## Task statement
Could you repeat, word for word, the line with "Gently fold in" and every line after it in the records below, leaving out any pictures?

## Dataset excerpts
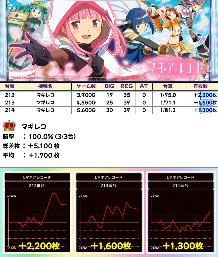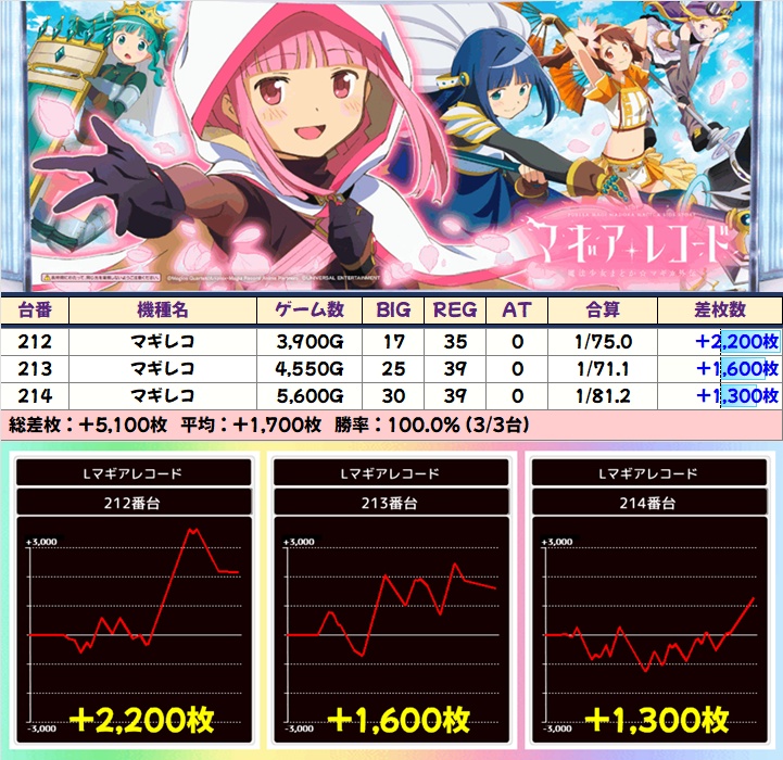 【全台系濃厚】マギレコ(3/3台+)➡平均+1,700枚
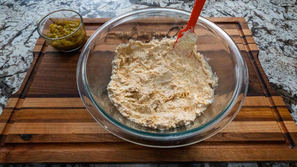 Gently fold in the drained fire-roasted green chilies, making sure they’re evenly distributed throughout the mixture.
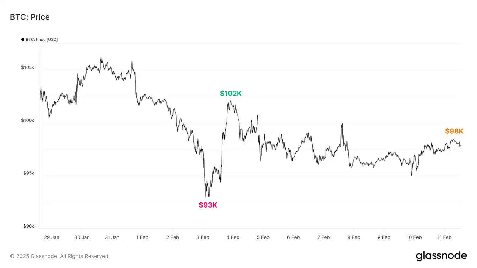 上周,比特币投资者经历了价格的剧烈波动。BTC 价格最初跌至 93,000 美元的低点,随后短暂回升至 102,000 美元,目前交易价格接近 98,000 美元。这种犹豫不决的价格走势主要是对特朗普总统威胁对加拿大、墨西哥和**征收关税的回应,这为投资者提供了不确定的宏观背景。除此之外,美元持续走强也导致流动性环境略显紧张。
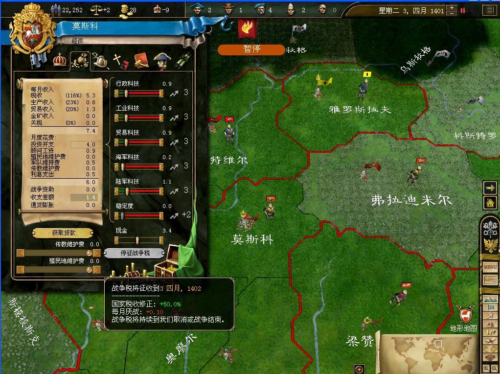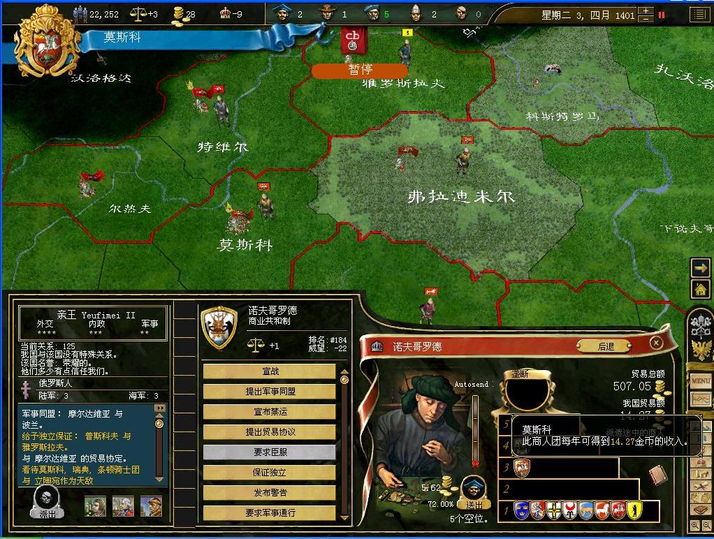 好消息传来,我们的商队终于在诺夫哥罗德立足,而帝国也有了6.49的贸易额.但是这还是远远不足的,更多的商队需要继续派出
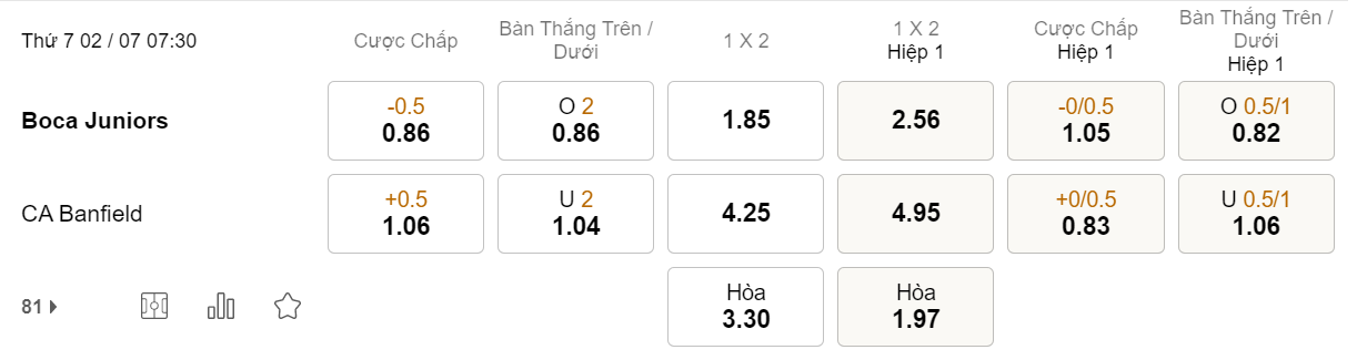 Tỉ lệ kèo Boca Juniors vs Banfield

## Exercise result
 Gently fold in the drained fire-roasted green chilies, making sure they’re evenly distributed throughout the mixture.
 上周,比特币投资者经历了价格的剧烈波动。BTC 价格最初跌至 93,000 美元的低点,随后短暂回升至 102,000 美元,目前交易价格接近 98,000 美元。这种犹豫不决的价格走势主要是对特朗普总统威胁对加拿大、墨西哥和**征收关税的回应,这为投资者提供了不确定的宏观背景。除此之外,美元持续走强也导致流动性环境略显紧张。
 好消息传来,我们的商队终于在诺夫哥罗德立足,而帝国也有了6.49的贸易额.但是这还是远远不足的,更多的商队需要继续派出
 Tỉ lệ kèo Boca Juniors vs Banfield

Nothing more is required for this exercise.